- The term “fatal fetal abnormality” is grossly misleading. The HSE Bereavement Guidelines have opted for a more appropriate term – life limiting condition – to describe terminal illness or serious disability in a baby.
- Doctors have no way of knowing how long a baby diagnosed with a life limiting condition will live. They can live for months and even years after birth. Studies have found over 70% of children conceived with anencephaly have live births, with roughly a third of these babies living for at least two days.
- Kathleen Harkin from Co. Down was born with Patau Syndrome (Trisomy 13). Doctors at the time told her parents she was unlikely to reach her first birthday. Today she is eleven years old, attends school, and is cherished by her family. The outcomes of many children with life limiting conditions can be greatly affected by the level of care they receive early in life.
- In Ireland today there are parents who have returned home from Britain after aborting their baby with a life limiting condition only to learn for the first time about the existence of perinatal hospice care as a positive alternative to abortion.

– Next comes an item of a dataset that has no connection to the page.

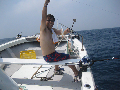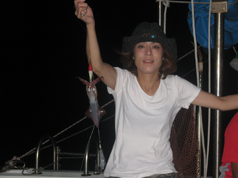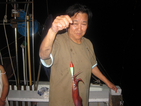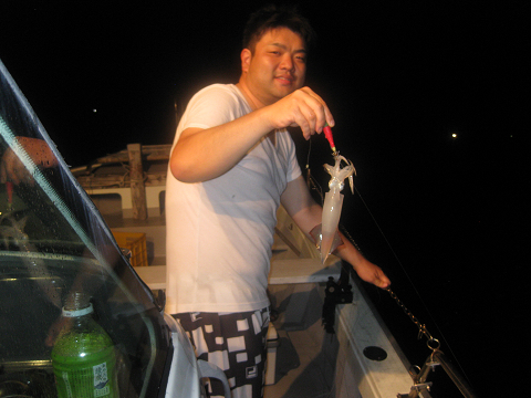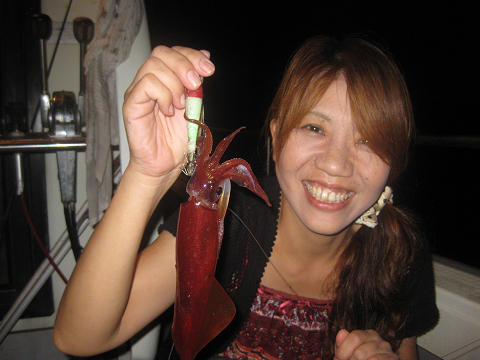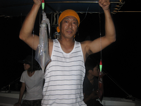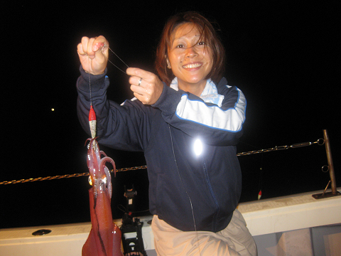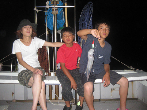 岡山のマキ氏、御一行様 皆様初めてのイカ釣りです。

- Instead of pressuring parents to go down the road of abortion, health care professionals should be given additional resources to provide high quality palliative care to facilitate families in sharing those precious moments with their baby for whatever length of time he or she lives.
- This referendum is not about abortion for difficult cases, it’s about abortion on demand for any reason. If the 8th amendment is repealed, the right to life of all unborn babies will be removed.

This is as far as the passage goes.